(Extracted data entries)
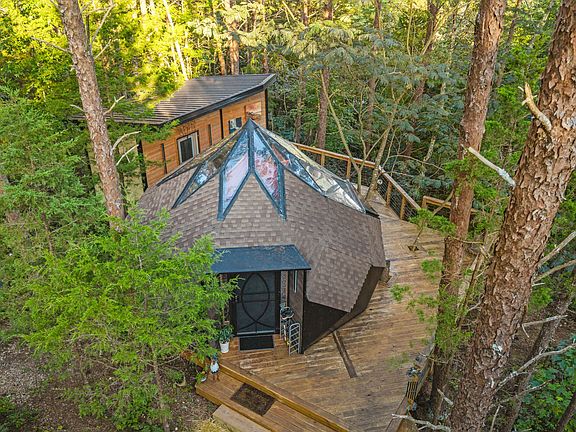 Perched high on the hill with beautiful local views, the property's centerpiece is a 20-foot circular custom geometric dome. Connected by wood decking, it opens to a charming bathhouse and dressing area, creating an enchanting and functional space.
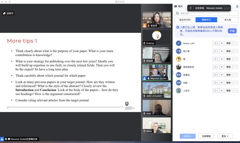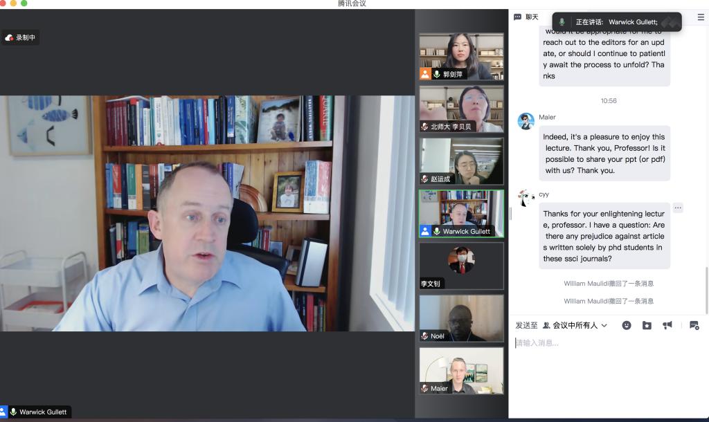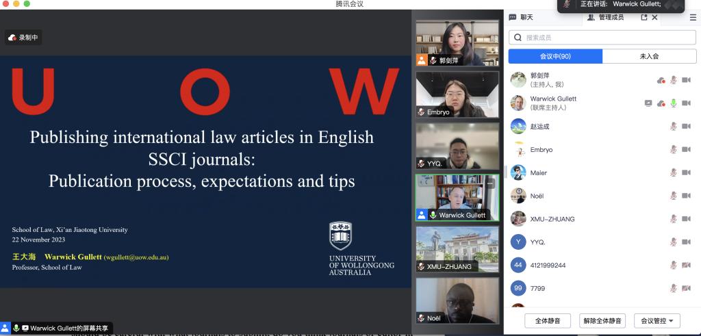 2023年11月22日9:30,澳大利亚伍伦贡大学安博在线客服、国家海洋资源与安全中心(ANCORS)Warwick Gullett教授在腾讯会议为我院师生线上带来一场题为“Publishing International Law Articles in English SSCI Journals: Publication Process, Expectations and Tips”的主题讲座。讲座由安博在线客服安博在线客服副教授郭剑萍主持,安博在线客服部分博士生、硕士生以及来自其他学院的师生参加了此次讲座。
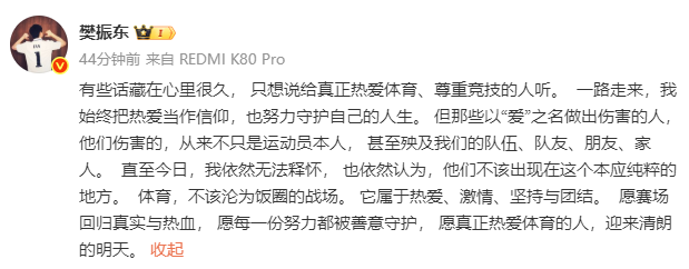一路走来,我始终把热爱当作信仰,也努力守护自己的人生。但那些以“爱”之名做出伤害的人,他们伤害的,从来不只是运动员本人,甚至殃及我们的队伍、队友、朋友、家人。直至今日,我依然无法释怀,也依然认为,他们不该出现在这个本应纯粹的地方。
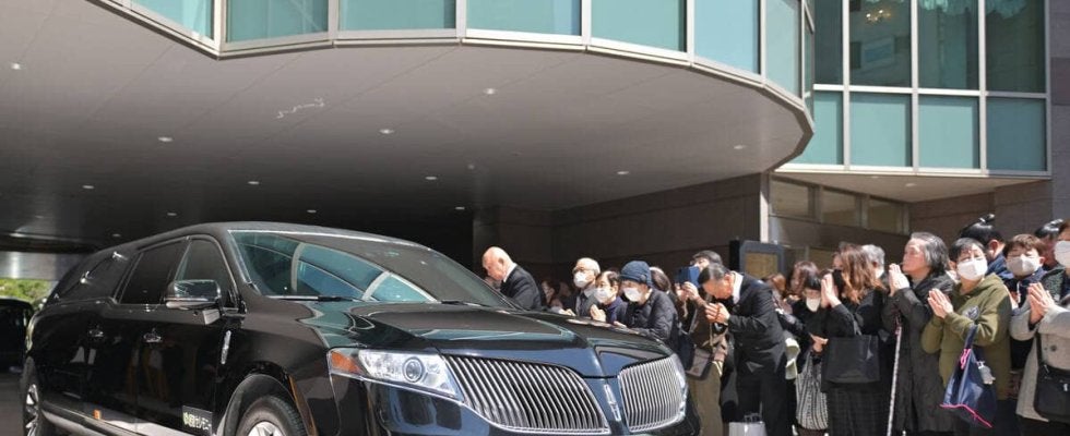 出棺する元大関・若嶋津を乗せた霊柩車(カメラ・古川 剛伊)
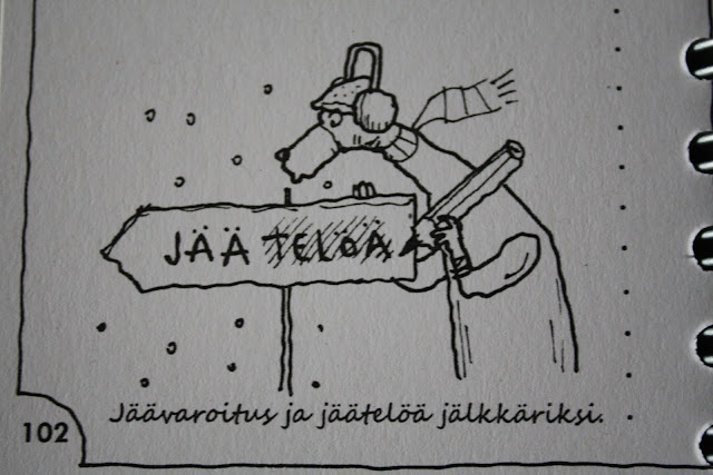 Kalenterin jokaisen viikon aukeamalla on toisella sivulla lisää kirjoitustilaa ja joku hupaisa ja/tai viisas oivallus. Ensi vuonna tällä viikolla kalenteri on hyvinkin tämän vuotisissa tunnelmissa, hauskaa! Vaikkei ulkona vallitseva jäätikkäinen keli kyllä nauratakaan oikeasti.
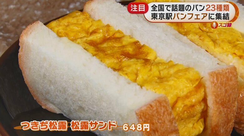 さらに、人気卵焼き専門店の大きな卵焼きが挟まったサンドイッチ(つきぢ松露「松露サンド」648円)まで、全国各地のいま話題のパンが勢揃いしている。

Directions for this task. Needed here is a verbatim copy of the data from the first line through the line with "Kalenterin jokaisen viikon", without pictures.

Response.
 Perched high on the hill with beautiful local views, the property's centerpiece is a 20-foot circular custom geometric dome. Connected by wood decking, it opens to a charming bathhouse and dressing area, creating an enchanting and functional space.
 2023年11月22日9:30,澳大利亚伍伦贡大学安博在线客服、国家海洋资源与安全中心(ANCORS)Warwick Gullett教授在腾讯会议为我院师生线上带来一场题为“Publishing International Law Articles in English SSCI Journals: Publication Process, Expectations and Tips”的主题讲座。讲座由安博在线客服安博在线客服副教授郭剑萍主持,安博在线客服部分博士生、硕士生以及来自其他学院的师生参加了此次讲座。
一路走来,我始终把热爱当作信仰,也努力守护自己的人生。但那些以“爱”之名做出伤害的人,他们伤害的,从来不只是运动员本人,甚至殃及我们的队伍、队友、朋友、家人。直至今日,我依然无法释怀,也依然认为,他们不该出现在这个本应纯粹的地方。
 出棺する元大関・若嶋津を乗せた霊柩車(カメラ・古川 剛伊)
 Kalenterin jokaisen viikon aukeamalla on toisella sivulla lisää kirjoitustilaa ja joku hupaisa ja/tai viisas oivallus. Ensi vuonna tällä viikolla kalenteri on hyvinkin tämän vuotisissa tunnelmissa, hauskaa! Vaikkei ulkona vallitseva jäätikkäinen keli kyllä nauratakaan oikeasti.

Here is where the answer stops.